Median of Two Sorted Arrays Leetcode #4 题解[C++]
题目来源
https://leetcode.com/problems/median-of-two-sorted-arrays/description/
题意解析
There are two sorted arrays nums1 and nums2 of size m and n respectively.
Find the median of the two sorted arrays. The overall run time complexity should be O(log (m+n)).
Example 1:
nums1 = [1, 3]
nums2 = [2]
The median is 2.0
Example 2:
nums1 = [1, 2]
nums2 = [3, 4]
The median is (2 + 3)/2 = 2.5
给出两个排好了序的数组, 求出这两个数组的中位数, 要求时间复杂度为O(log(m+n)).
解题思路
这道题想了很久都没有做出来, 想到的最快方法也是O((m-n)log(m+n)), 后来参考了讨论区的一份帖子才最终AC,
这里大概讲一下帖子所提供的思路.
中位数本身的含义就是它之前的数和它之后的数一样多. 因此, 想通了这一点, 我们就能把问题简化的多, 我们像下面这样把所有数割成左右两部分, 使得左边的数等于右边的. 并且满足max(left_part) <= min(right_part)
.
left_part | right_part
A[0], A[1], ..., A[i-1] | A[i], A[i+1], ..., A[m-1]
B[0], B[1], ..., B[j-1] | B[j], B[j+1], ..., B[n-1]
这样一来, 利用A[i-1], A[i], B[j-1], B[j]这几个数我们便能求出所需的中位数.
不失一般性, 假设len(A)=m < len(B)=n, 令 i 取[0,m], 令 j 取(m + n + 1)/2 - i, 这样就能保证左右两边的数字总数相同.
接下来只需要设法满足max(left_part) <= min(right_part)
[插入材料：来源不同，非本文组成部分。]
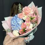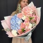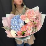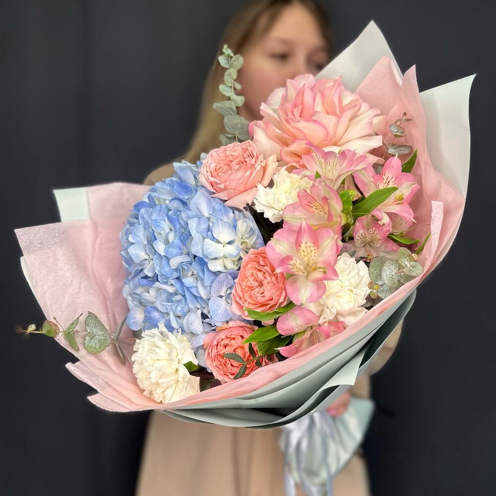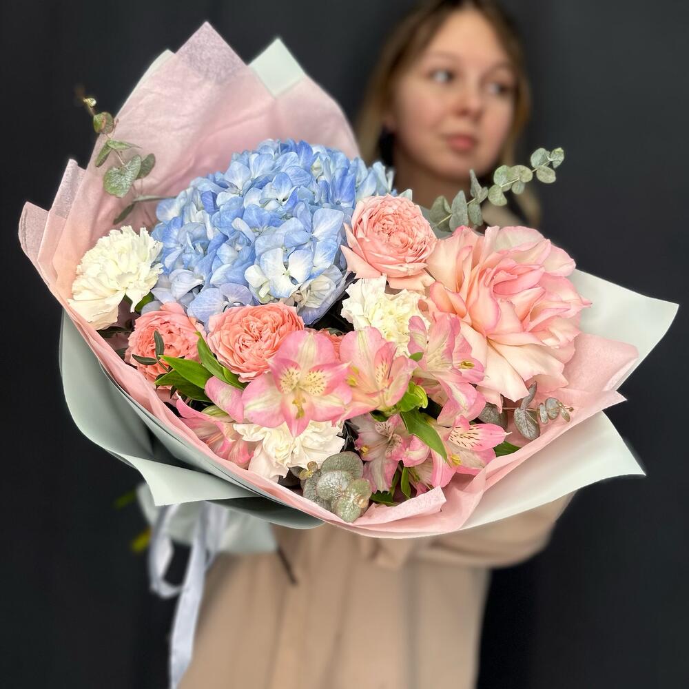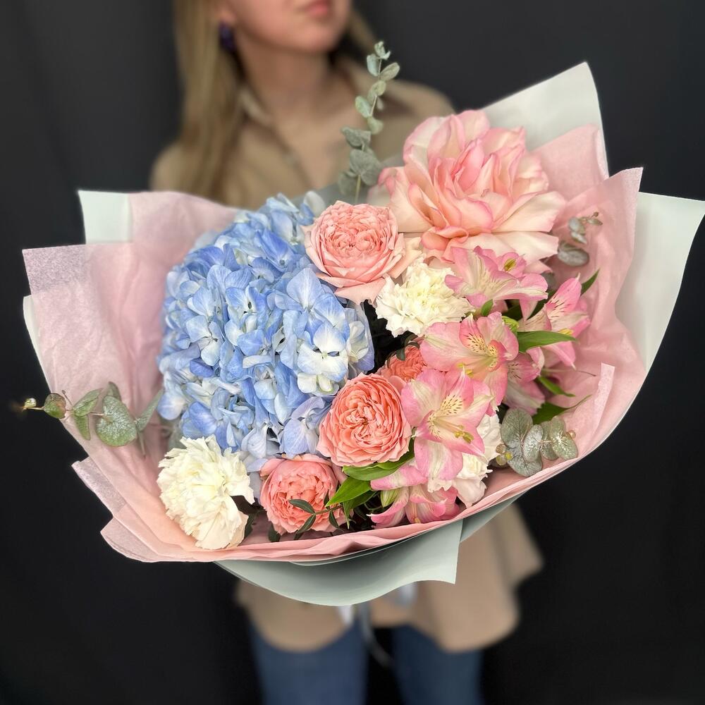 Альстромерия - 1 шт. Гортензия - 1 шт. Эвкалипт - 2 шт. Упаковка - 4 шт. Диантус - 3 шт. Фисташка - 3 шт. Эквадор роза - 1 шт. джульетта кустовая роза пионовидная - 1 шт.

即可. 既然已经知道了 i 的取值范围, 我们通过二分查找来寻找满足这一条件的 i 的值即可.
代码实现
class Solution {
public:
double findMedianSortedArrays(vector<int>& nums1, vector<int>& nums2) {
int m = nums1.size();
int n = nums2.size();
if (n < m) return findMedianSortedArrays(nums2, nums1);
int i, j,max_left,min_right;
int imin = 0;
int imax = m;
int half_len = (m + n + 1) / 2;
while (imin <= imax) {
i = (imin + imax) / 2;
j = half_len - i;
//i should be bigger
if (i<m&&nums2[j - 1]>nums1[i]) imin = i + 1;
//i should be smaller
else if (i > 0 && nums1[i - 1] > nums2[j]) imax = i - 1;
//We have found i that satisfied our requirement.
else {
//Don't forget to consider edge conditions.
if (i == 0) max_left = nums2[j - 1];
else if (j == 0) max_left = nums1[i - 1];
else max_left = max(nums1[i - 1], nums2[j - 1]);
//If total nums is odd then only need to return max_left.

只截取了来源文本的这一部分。